Monday, 1 August, 1864

Quite pleasant today. Phil Lewis came to bring a notice to Bill from his enrolling officer, suspecting some investigation to be made in Clerk’s office. – – Ju spent the evening. Told me he had sent one and a half bushels meal to the Misses Slaughter as a donation from him and myself. Bill had the wheat refanned and carried upstairs this morning, and commenced hauling oats this evening to thresh. – – We all enjoy the cool watermelons very much, have an abundance, but do not sell any. – – Zac had a chill. Gave him Calomel and Jalap tonight.1Two small mysteries today. Bill’s enrolling officer, Lieut. Haw was introduced 18 July. Wonder what investigation is to be made? Who or what is being investigated? Is Haw being investigated? Bill? Phil? And was Ju referring to P. H. Slaughter’s daughters? He had five. And for what cause were they accepting donations of meal? Suggestions appreciated.

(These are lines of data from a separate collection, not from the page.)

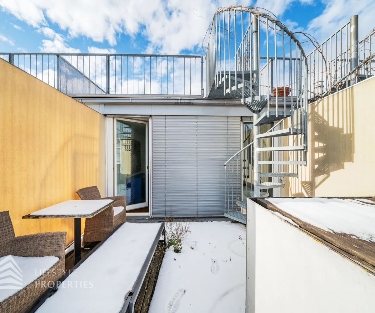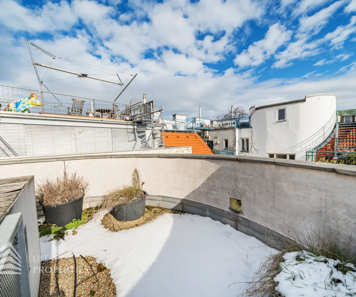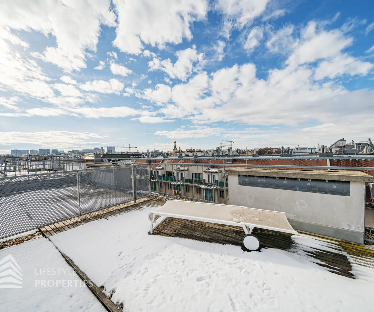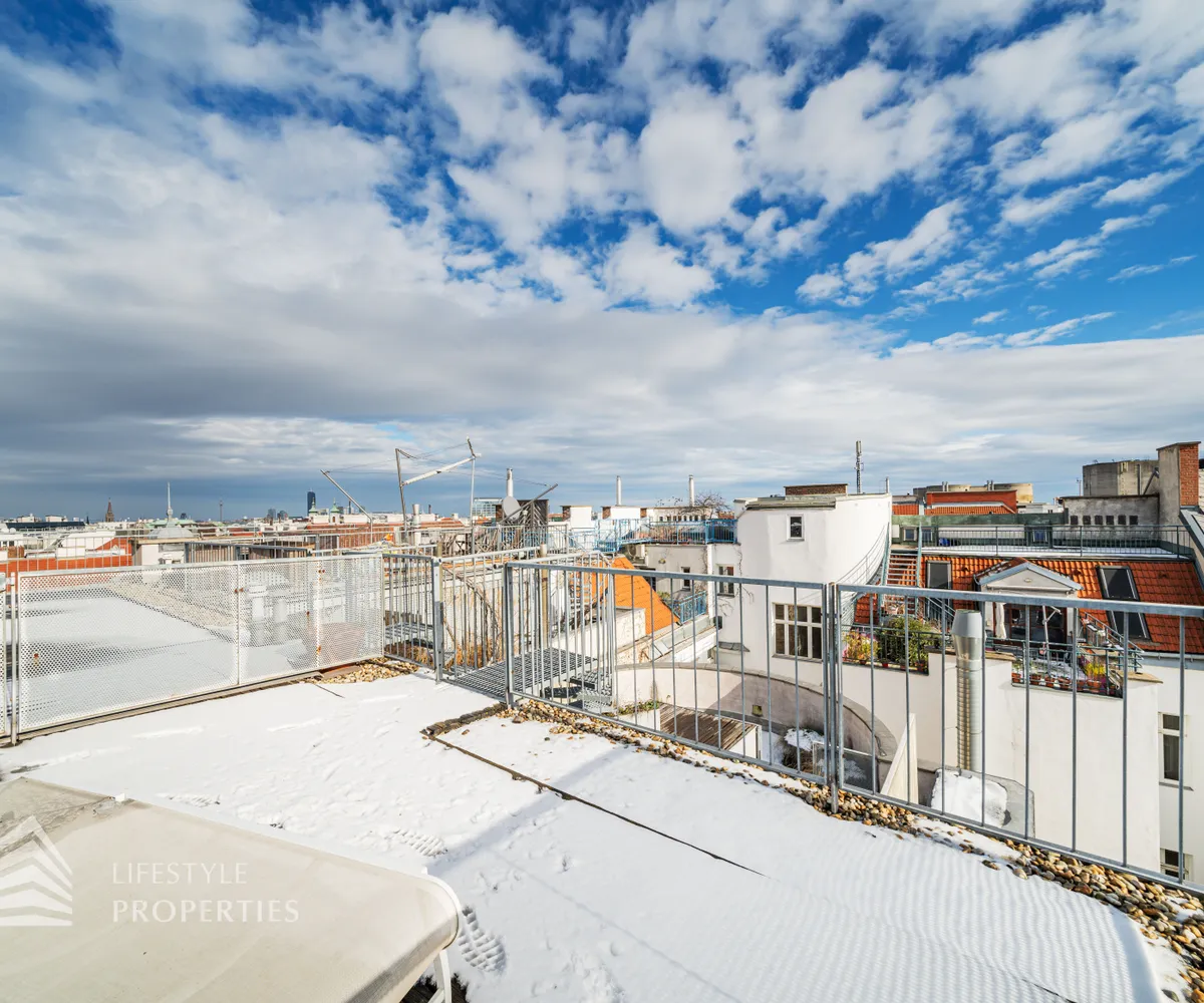 Bei Betreten der Wohnung gelangen Sie in den ca. 3 m² großen Vorraum. Links von Ihnen befindet sich das ca. 5 m² große, mit Badewanne, Waschtisch und Waschmaschinenanschluss ausgestattete, Badezimmer. Rechts von Ihnen befindet sich das WC. Der Vorraum führt Sie gerade hindurch in die moderne Küche, welche geschickt vom Wohnraum abgetrennt ist, aber dennoch dank einem gut geplanten Wanddurchbruch wie eine offen gestaltete Wohnküche wirkt. Vis-à-vis der Küche ist eine große Nische, welche Platz für einen riesigen Einbauschrank und genug Stauraum bietet. Den lichtdurchfluteten Wohnraum erreichen Sie, wenn Sie vom Vorraum gerade an der Küche vorbeigehen. Auf einer Fläche von ca. 44 m² haben Sie genügend Platz für einen großen Esstisch und eine gemütliche Sofalandschaft. Der Raum wird von einer Fensterfront ganztägig mit viel Licht durchflutet. Hinter der Glasfront verbirgt sich eine der Terrassen. Sie können diese über den Wohnraum betreten. Auf der ca. 12 m² großen Terrasse, welche sich über die gesamte Wohnlänge erstreckt, haben Sie ausreichend Platz für einen gemütlichen Frühstückstisch und weitere Möbel um die frische Luft genießen zu können. Zurück im Wohnraum, über die Treppe gelangen Sie in das nächste Geschoss. Die Treppe führt Sie direkt in das ca. 17 m² große Schlafzimmer. Das zugehörige Badezimmer, welches mit einer Dusche, einem Waschbecken und einer Toilette ausgestattet ist, kann direkt vom Schlafzimmer aus betreten werden. Im Schlafzimmer können Sie einen kleinen Arbeitsbereich mit einem Schreibtisch und einen Schlafbereich mit einem großes Bett schaffen. Die Fensterfront, welches den kompletten Raum mit viel natürlichem Licht durchflutet sorgt für eine angenehme Wohlfühlatmosphäre. Von dem Schlafzimmer können Sie die ruhige Richtung Innenhof gelegene ca. 14 m² große Terrasse sowie das absolute Highlight der Wohnung betreten. Eine Wendeltreppe führt Sie von der Terrasse auf die ca. 12 m² große Dachterrasse, welche Ihnen einen 360° Stadtblick über die Dächer Wiens bietet. Hier können Sie Ihre Wohlfühloase mitten in Wien errichten.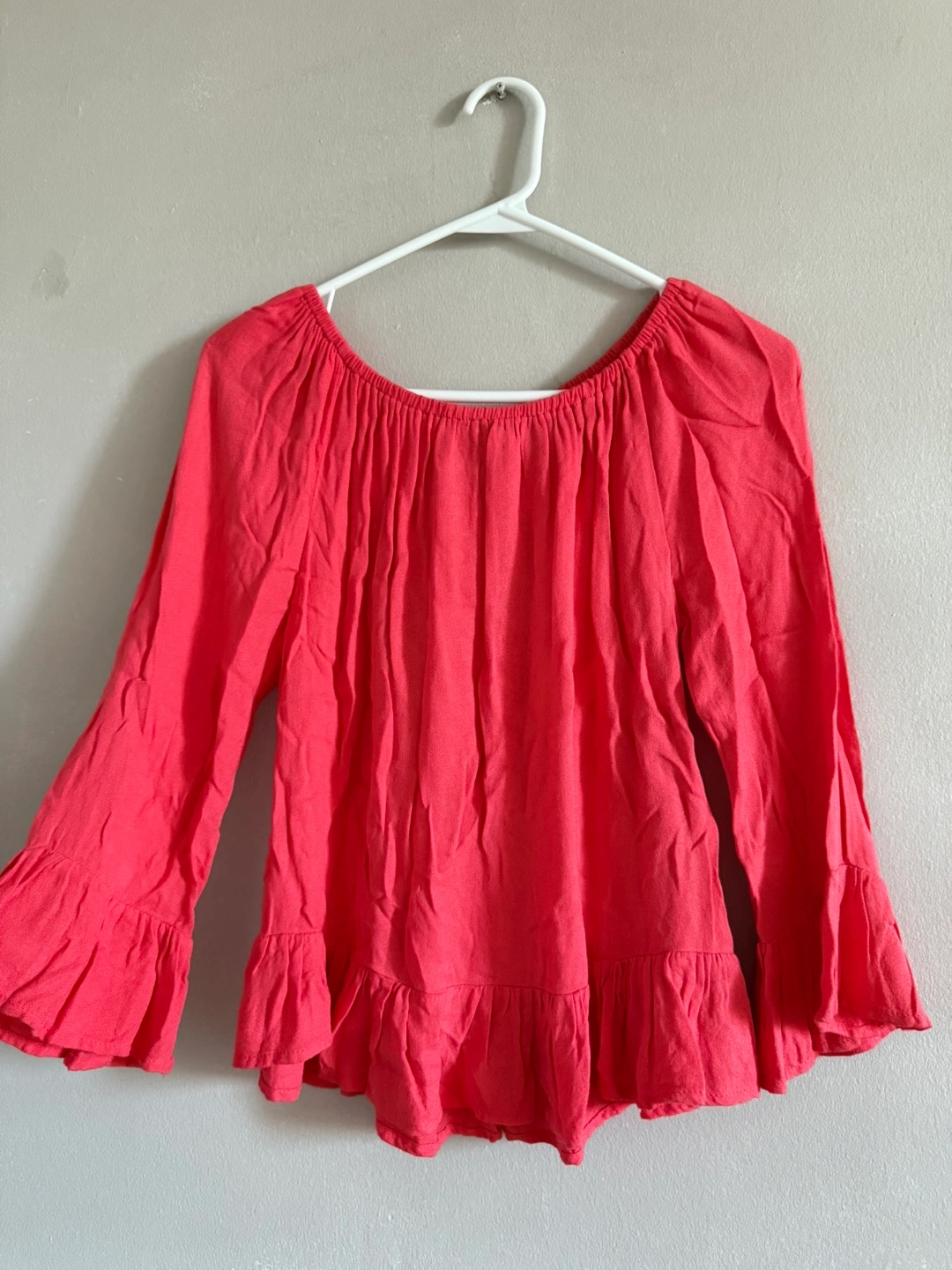 Off shoulder blouse. This cute top features long, bell sleeves and a ruffled hem.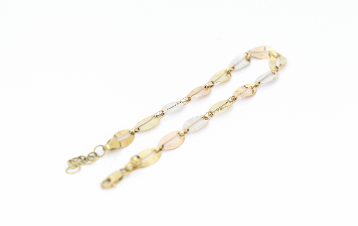 Zlatý náramek, plošky s kombinovaným zlatem.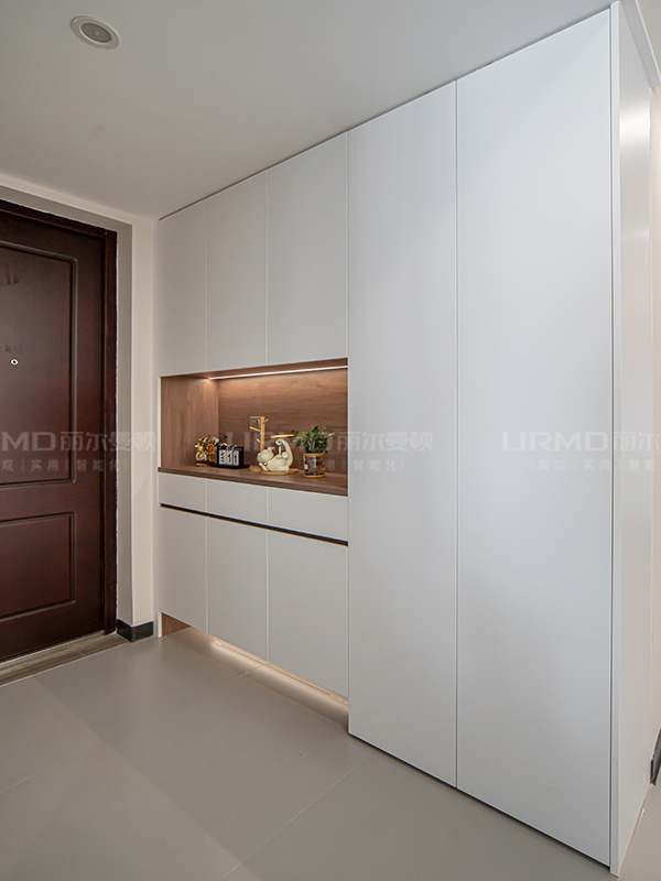 淺色與深色碰撞搭配,全房采用淺色系柜門,深色系家具搭配,增強空間的立體感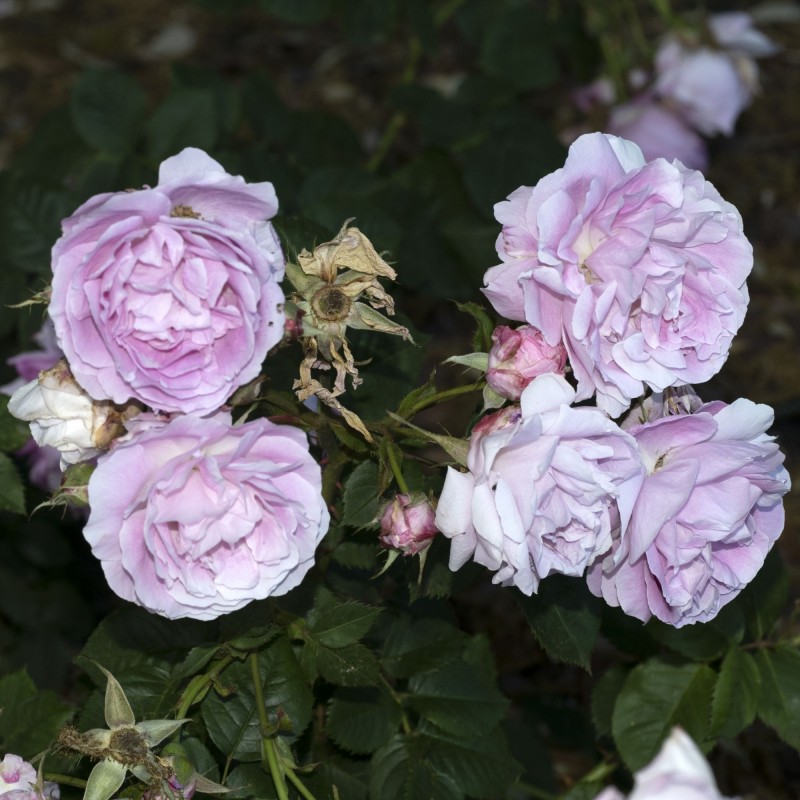 Are flori mari, semi-duble, parfumate, de culoare roz trandafiriu, cu nervuri mai întunecate și margini mai palide, cu staminele expuse atunci când sunt complet deschise. Florile sunt în formă de cupă liberă și de varză și înfloresc în rozete din vară până toamna.

2 thoughts on “Monday, 1 August, 1864”

  1. Could the “Misses Slaughters” be the three daughters of Lebus Burke & Lucy Satterwhite Slaughter? They had three daughters, Mary (Mollie) born 1853, Kate born 1854, and Emma born 1858. The Slaughter family was enumerated in the 1860 Census near Aylett. Lebbus Slaughter is listed in the U.S. Civil War Soldiers Records and Profiles. Mary (Mollie) Slaughter married Benjamin Franklin Robins in 1873 but died 2 years later in 1875. Benjamin Franklin Robins later married Mary’s younger sister, Emma.

  2. While Leb & Lucy Slaughter certainly had three daughters, all seem a bit young in 1864 (11, 10, & 6) to be accepting donations of meal. On the other hand P.H.’s two eldest daughters, Mary and Maria, were young women and probably quite capable of accepting donations, for whatever the cause. I need to recheck my sources, but I believe their father had been collecting food for the Confederate Army around this time. His store at the Courthouse would have been a natural depot in that role. Would you know if Lebus and P.H. were related?